In the Liverpool Journal's account, Charlotte's name and a description of her garb headed the list. As Claude Melnotte, her "gallant bearing attracted much notice and many jests." Later, she appeared costumed for two other roles, while "the beautiful Miss Susan Cushman" came dressed as a French marchioness, "her dress being of the most recherché kind." Another prominent guest, Geraldine Jewsbury, came as a Spanish Lady, and various Muspratt women were Turks, Greeks, Cracovians, and flower girls. Several "old English gentlemen" sported buckled shoes, powdered wigs, and cocked hats.
During the dancing, "an obstinate bachelor of our acquaintance," remarked the Journal, "declared he never felt himself in so much 'danger' before."36 If the obstinate bachelor was Sheridan Muspratt, his defenses were down before the evening was over. If his engagement to Susan was not accomplished that night, it was formally sealed soon after.
During her run at the Adelphi, Charlotte Cushman could give the swains of Liverpool food for thought, said the Mercury.
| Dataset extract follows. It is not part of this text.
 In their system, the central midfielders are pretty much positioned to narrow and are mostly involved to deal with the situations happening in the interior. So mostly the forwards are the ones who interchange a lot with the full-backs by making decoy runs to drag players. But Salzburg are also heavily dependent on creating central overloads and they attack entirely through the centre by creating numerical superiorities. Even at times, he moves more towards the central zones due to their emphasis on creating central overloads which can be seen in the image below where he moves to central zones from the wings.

As the love-impassioned Claude Melnotte, she made "love-making, as practiced by the other sex, appear a very stale, flat, and unprofitable affair."37 As for Susan's Pauline, the pride with which she surveyed her prince, her burst of rage, scorn, and despair on discovering his terrible trick was given "with beautiful effect."
Before leaving Liverpool, Charlotte enjoyed a reunion that eleven years before would have seemed like the wildest dream. Mary Ann Wood had come out of retirement to sing at a concert, and Charlotte's meeting with her at the concert hall rekindled their old friendship and gave her a long-awaited opportunity to say thank you for the early confidence and advice to keep "practicing steadily,"38 those distant years in Boston. And she took a fiendish delight in rejecting another offer from Macready, who had expressed "a very great desire"39 to have her play with him at the Princess's.
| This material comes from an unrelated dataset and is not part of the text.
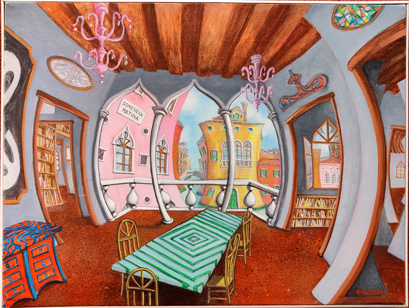 The original GIAGAN canvases seen on this page are at present on view in the gallery BOTTEGA D'ARTE SAN VIO. The captions beneath each image describe the media employed and the support used. Sizes quoted are to be considered without frame.

But in the midst of her joys, a letter from Philadelphia brought the news that Rosalie Sully was dead. At twenty-five, her friend of all friends was suddenly gone and with her had vanished her dearest dream. Without Rosalie's delight at her success, without Rosalie's smile to welcome her home, what good was victory? Rereading the terrible words, she withdrew into long silence. Locked in grief, she recalled the day Augustus' death had "sent the waters" over her soul. But by now, Charlotte had proved to herself that she could master her tears. The lesson learned in Albany must rescue her now.
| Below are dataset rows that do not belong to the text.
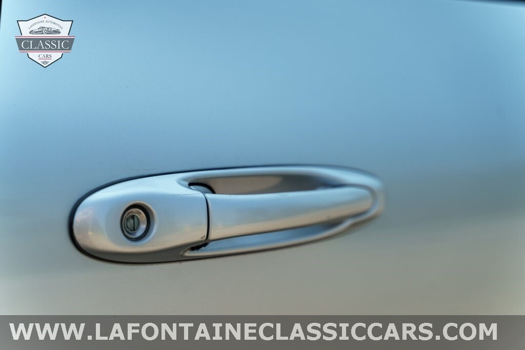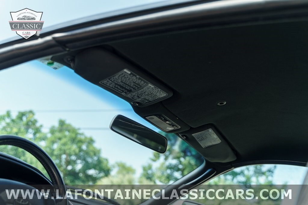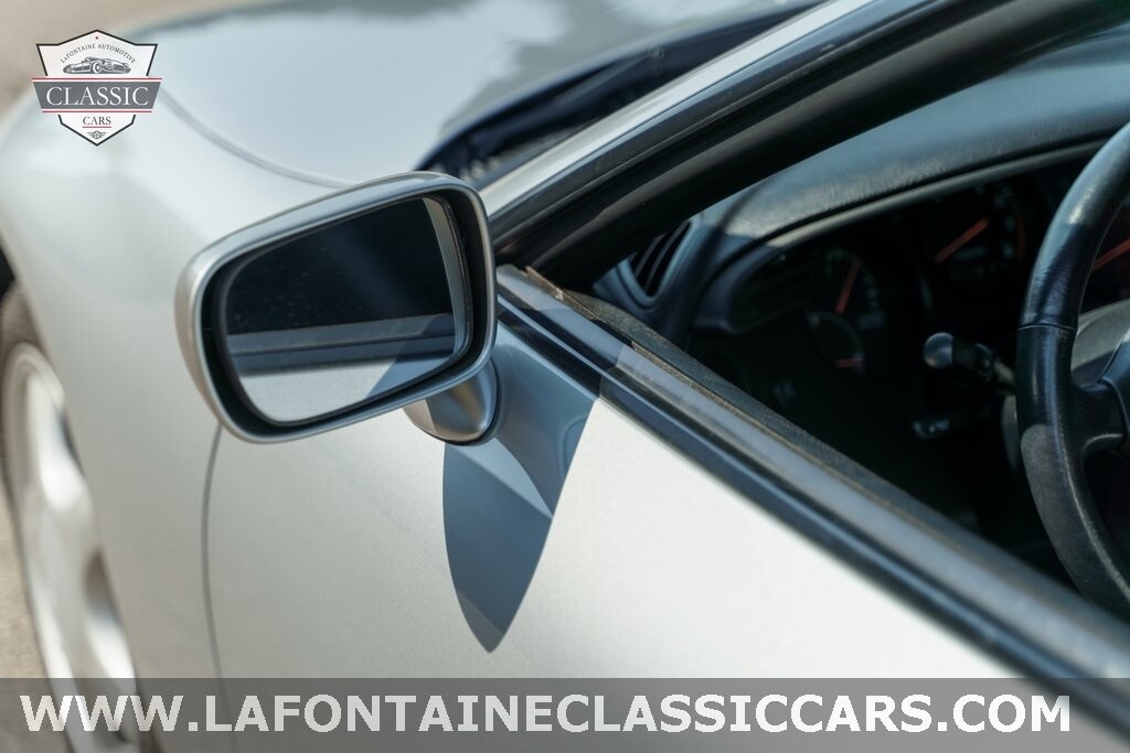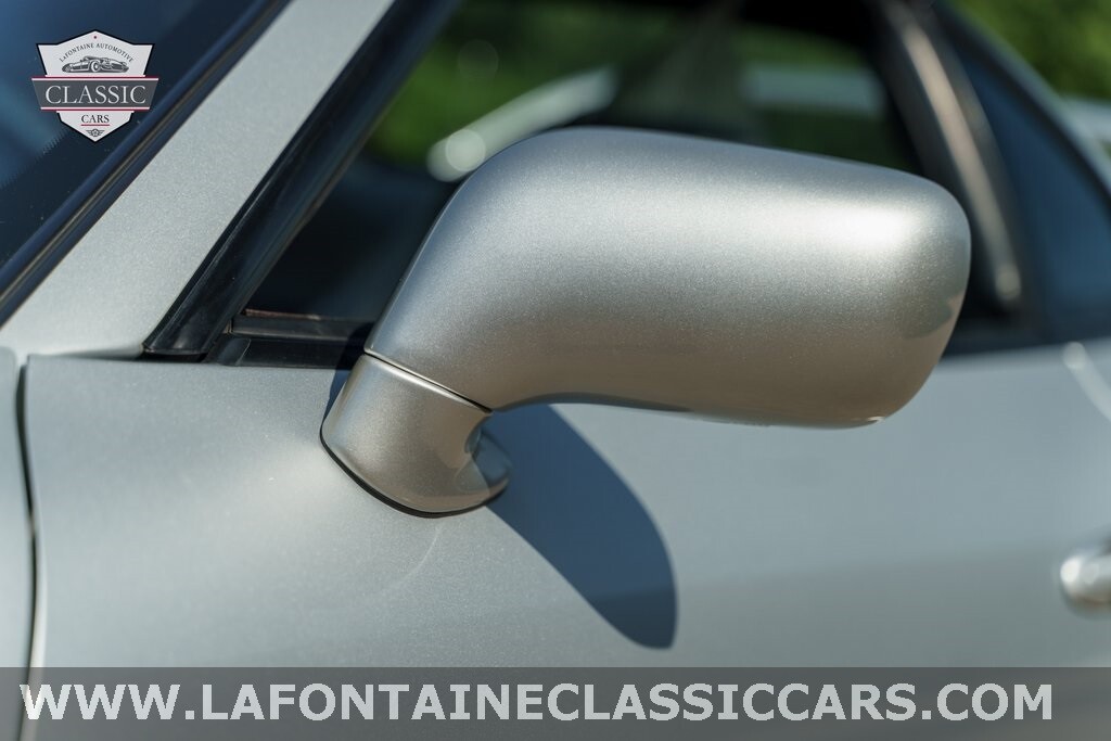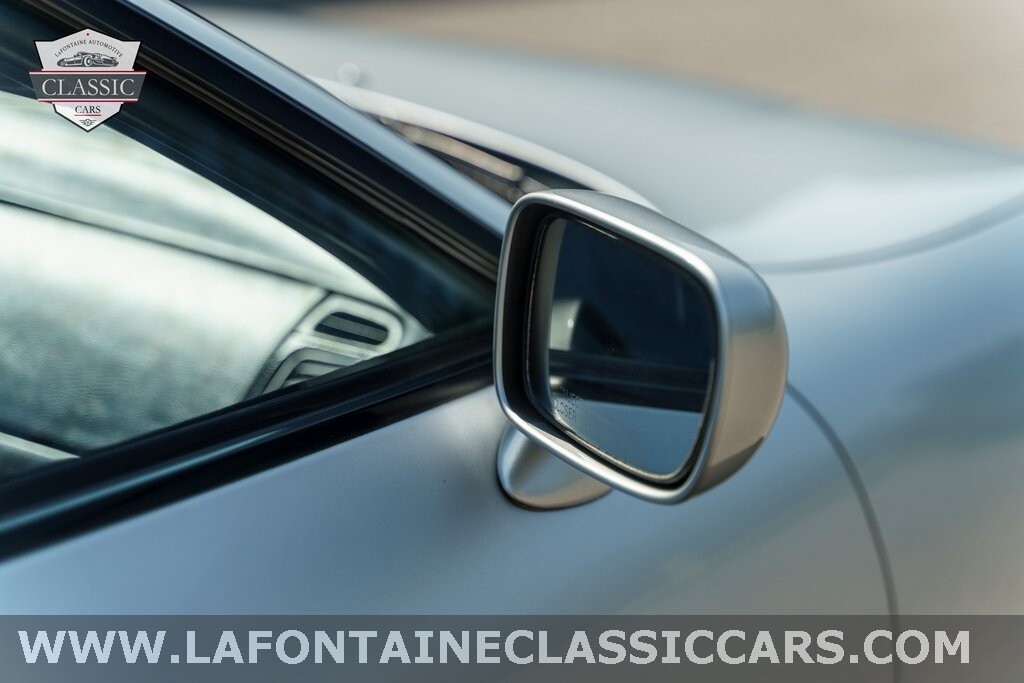The exterior is finished in Alpine Silver Metallic and features a removable targa roof, a rear wing, a front spoiler, fog lights, and heated side mirrors.
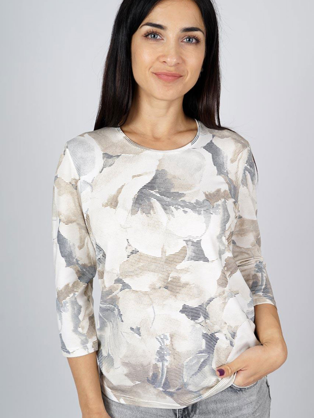 Enkel men snygg topp med rundad halsringning och 3/4 dels ärmlängd från Marinello.
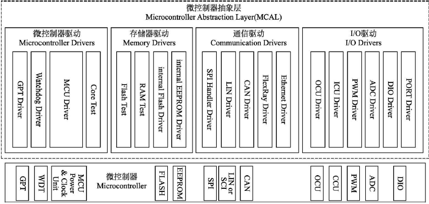 微控制器抽象层(Microcontroller Abstraction Layer,MCAL)是实现不同硬件接口统一化的特殊层。通过微控制器抽象层可将硬件封装起来,避免上层软件直接对MCU寄存器进行操作。
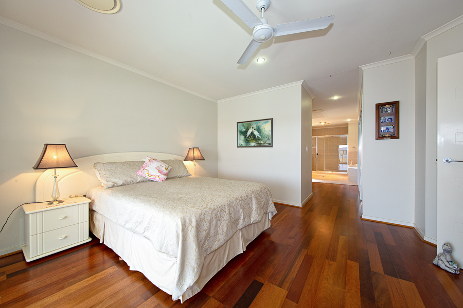 The large main bedroom is located upstairs boasting an enormous en-suite bathroom with spa bath, large double shower and a veranda overlooking the water. A great place to relax at the end of the day. There are two other queen size bedrooms located on this level with another queen size guest bedroom located on the ground floor.
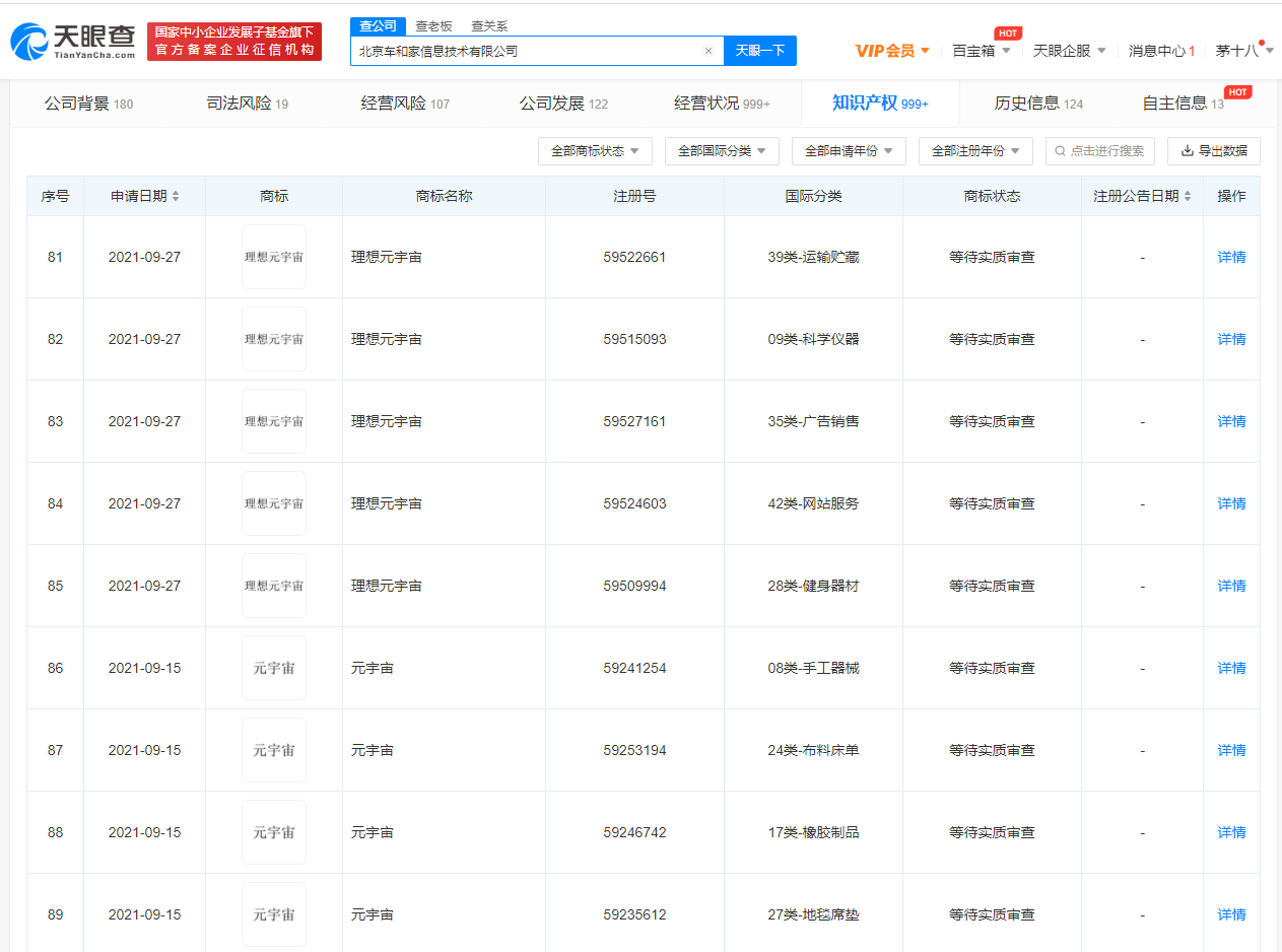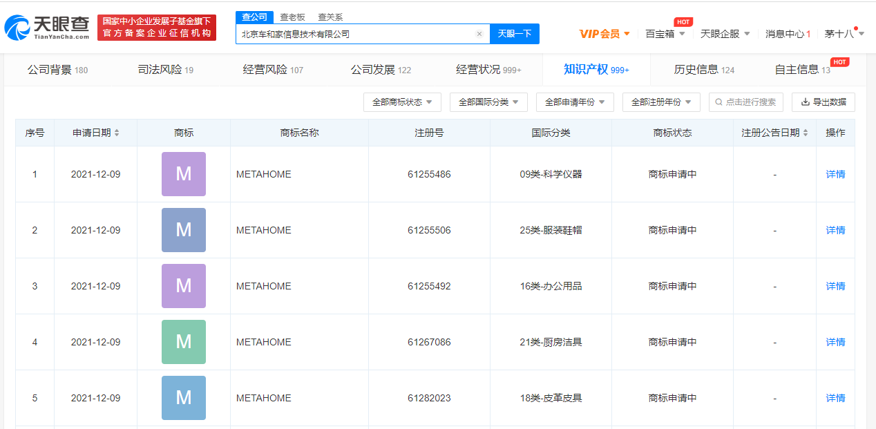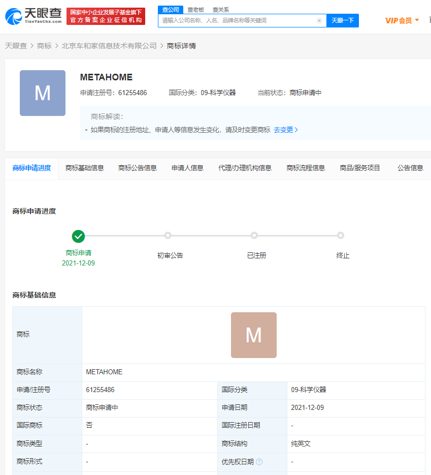 鞭牛士 12月17日消息,天眼查App显示,近日,理想汽车关联公司北京车和家信息技术有限公司申请注册“METAHOME”商标,国际分类涉及科学仪器、广告销售、办公用品等,目前商标状态均为申请中。值得一提的是,该公司还曾申请元宇宙、理想元宇宙等商标。

She threw herself into another six weeks of work in Dublin, then into a tour of Limerick, Cork, Glasgow, Edinburgh, Perth, Dundee, Leeds, Newcastle-upon-Tyne, Sheffield, Hull, Birmingham, and Manchester. When she closed in Liverpool, she and Susan rested a week at Seaforth Hall. Then she persuaded Susan to tear herself away from Sheridan and go with her to Paris. But back in England, she dropped her guard and let herself be heartsick at last. Collapsed at Malvern, she would bide her time until reason or faith should tell her to think about acting again.